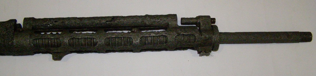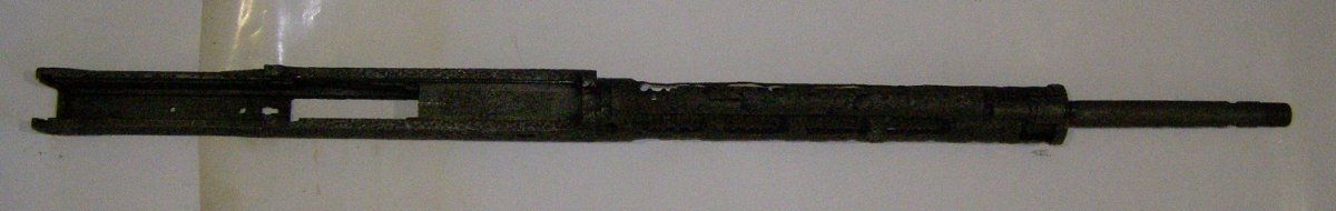 Рама в неплохом сохране,все резьбы хорошие, радиатор убитый, ствол просверлен, вварен штифт,резьба под лейку хорошая на газоотводе нужно прогнать, патронник подрасклёпан.
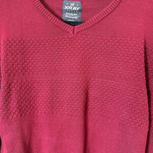 NORDSTROM XRAY Brand Textured Sweater Size Large Burgundy V Neck
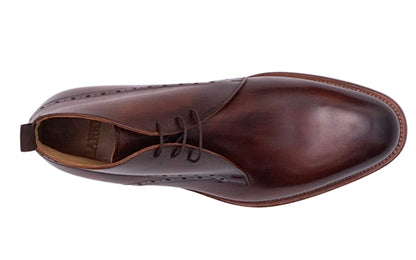 The uppers are made from unfinished European crust which is hand stained and paired with a premium Italian leather sole injected with high grade rubber to give added durability, whilst keeping the neat lines of a full leather sole. They feature punched decorative detailing (originally designed to allow water to drain from the boot) and a stunning antique wooden effect that has been hand brushed and then stitched to perfection by our new factory based in India."
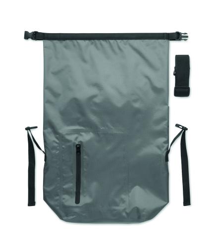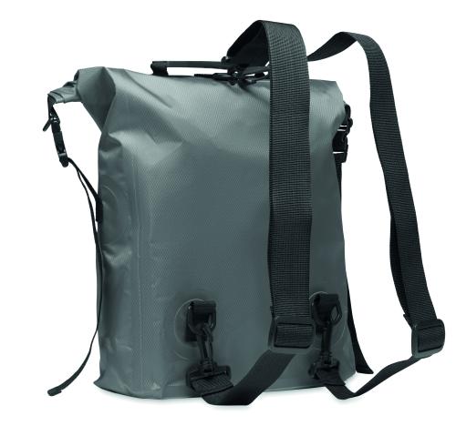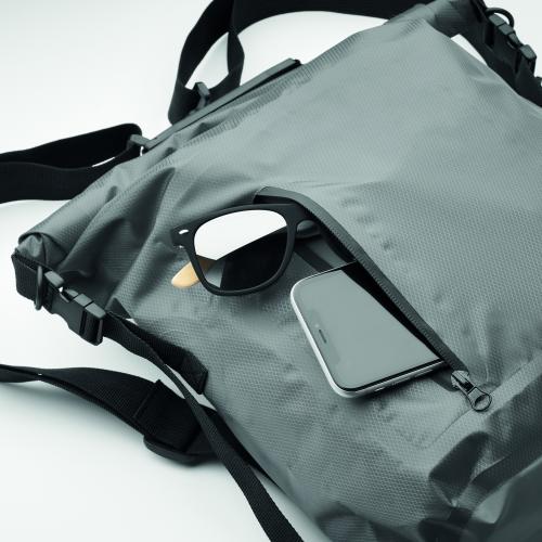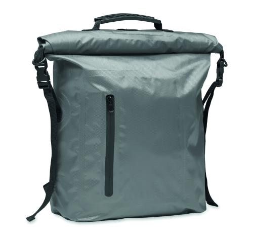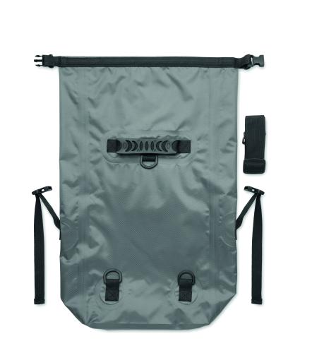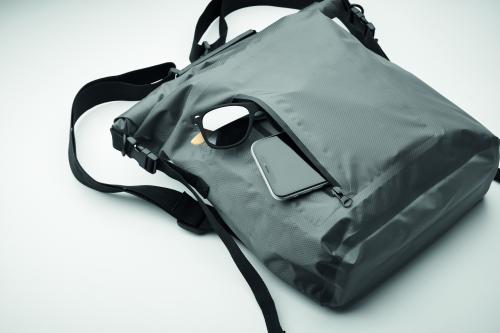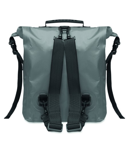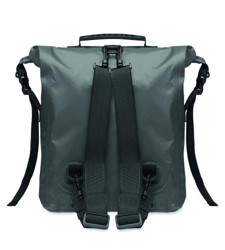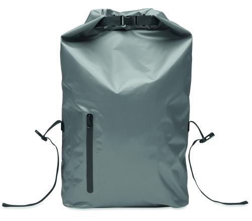 RPET 210D polyester waterproof rolltop backpack. Capacity: 25L.

**Task description:** A word-for-word copy is needed, starting at the first line of the listing and ending with the line bearing "NORDSTROM XRAY Brand". No pictures.

**Response area:**
 Рама в неплохом сохране,все резьбы хорошие, радиатор убитый, ствол просверлен, вварен штифт,резьба под лейку хорошая на газоотводе нужно прогнать, патронник подрасклёпан.
 NORDSTROM XRAY Brand Textured Sweater Size Large Burgundy V Neck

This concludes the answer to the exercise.